I haven't posted in couple of months, for various reasons, and I need to figure out some way of making it a habit to write here on a more regular basis.
That being said, I feel like I've been doing a pretty good job of working on my goal to be happier and healthier. In some ways I feel like I have been more emotional, but not necessarily in a bad way. In fact, multiple articles I've read and videos that I have watched have told me that as we become more awakened, we can become more emotional and/or sensitive to the world around us. I think for me this has proven true, as I have been spending more time and energy on reorganizing my life, and questioning certain choices and decisions. I feel that I'm just starting to enter a period of transformation, and that I am becoming stronger and happier because of it.
Not to say that I don't still have major stressors in my life, but I'm slowly learning to work past them, and not let them control my life, although it can be extremely hard sometimes. This week in particular has been extremely stressful, due to an incident that was out of my control that happened last week, and in some ways I have felt like I was drowning in stress and anxiety.

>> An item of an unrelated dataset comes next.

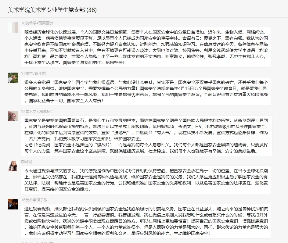 通过学习,同学们总结发表了自己的收获和感悟,其中退伍党员伦杰豪的感悟特别深刻,他说:“国家的信息安全不容小视,结合本次学习内容和在部队期间受到的安全教育我的体会很深刻。

Normally I am able to keep my anxiety under control pretty well, but the last week really has presented a challenge, and it's been hard.
However, last night, walking home from work after a very nice, warm spring day, surrounded by the fragrant aroma of blooming flowers... I finally felt like I could breathe again for the first time in several days.

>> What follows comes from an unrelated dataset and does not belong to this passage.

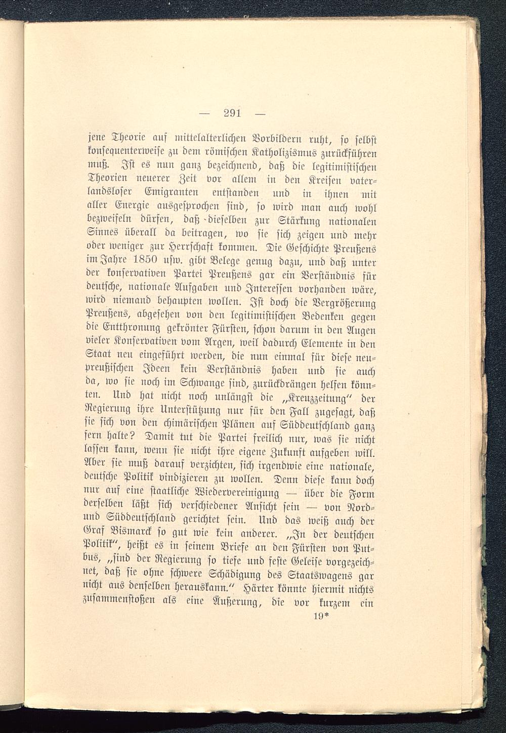 jene Theorie auf mittelalterlichen Vorbildern ruht, so selbstkonsequenterweise zu dem römischen Katholizismus zurückführenmuß. Ist es nun ganz bezeichnend, daß die legitimistischenTheorien neuerer Zeit vor allem in den Kreisen vater-landsloser Emigranten entstanden und in ihnen mitaller Energie ausgesprochen sind, so wird man auch wohlbezweifeln dürfen, daß - dieselben zur Stärkung nationalenSinnes überall da beitragen, wo sie sich zeigen und mehroder weniger zur Herrschaft kommen. Die Geschichte Preußens im Jahre 1850 usw. gibt Belege genug dazu, und daß unterder konservativen Partei Preußens gar ein Verständnis fürdeutsche, nationale Aufgaben und Interessen vorhanden wäre,wird niemand behaupten wollen. Ist doch die VergrößerungPreußens , abgesehen von den legitimistischen Bedenken gegendie Entthronung gekrönter Fürsten, schon darum in den Augenvieler Konservativen vom Argen, Iveil dadurch Elemente in denStaat neu eingeführt werden, die nun einmal für diese nen-Preußischen Ideen kein Verständnis haben und sie auchda, wo sie noch im Schwange sind, zurückdrängen helfen könn-ten. lind hat nicht noch unlängst die „Kreuzzeitung " derRegierung ihre Unterstützung nur für den Fall zugesagt, daßsie sich von den chimärischen Plänen auf Süddcutschland ganzfern halte? Damit tut die Partei freilich nur, was sie nichtlassen kann, wenn sie nicht ihre eigene Zukunft aufgeben will.Aber sie muß darauf verzichten, sich irgendwie eine nationale,deutsche Politik vindizieren zu wollen. Denn diese kann dochnur auf eine staatliche Wiedervereinigung — über die Formderselben läßt sich verschiedener Ansicht sein — von Nord-und Süddcutschland gerichtet sein. Und das weiß auch derGraf Bismarck so gut wie kein anderer. „In der deutschenPolitik", heißt es in seinem Briefe an den Fürsten von Put-bns, „sind der Regierung so tiefe und feste Geleise vorgezeich-net, daß sie ohne schwere Schädigung des Staatswagens gar-nicht aus denselben herauskann." Härter könnte hiermit nichtszusammenstoßen als eine Äußerung, die vor kurzem ein

Now, I know that in life there will always be moments of sadness, or stress, or anger, but one thing I have learned is that no matter how bad things can get, there is always something to be thankful for or to smile about. Friends and family have kept me going this week; the last few years I have purposely surrounded myself with people who are positive, and supportive, and who I know will always be there for me if I need anything. As funny as it sounds, my mom's chickens also can really help when I'm having a rough time. I have a favorite one named Dolly, who is a little orange silkie, and I have been picking her up and cuddling her since she was a little chick and would fall asleep cuddled up in my jacket, against my neck.
Flowers, sunshine, wind, birdsong, books, a hot cup of tea, a cat cuddled up on my lap, the giggles of my children - all of these are things that make me smile and get through any hardships I may be going through.

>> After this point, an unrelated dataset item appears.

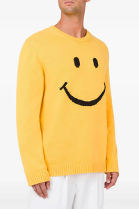 cod. A091502070028 'Smiley' intarsia, crewneck sweater in cotton blend with back logo, long sleeves. SUSTAINABLE: This product is made of organic cotton. Color: Yellow Size & Fit: True to size fit Composition: 62% cotton, 38% polyamide Made in: Italy

I think one of the most important things to remember is that no matter how bad we feel in a moment, things can always get better, and that the way we react and cope with a situation, is what will make all of the difference in the long run.
I may have had a hard week, but that's all it is, a hard week, and I refuse to let it effect my life. I have so many thing to be happy about and thankful for, and I choose to focus on those instead.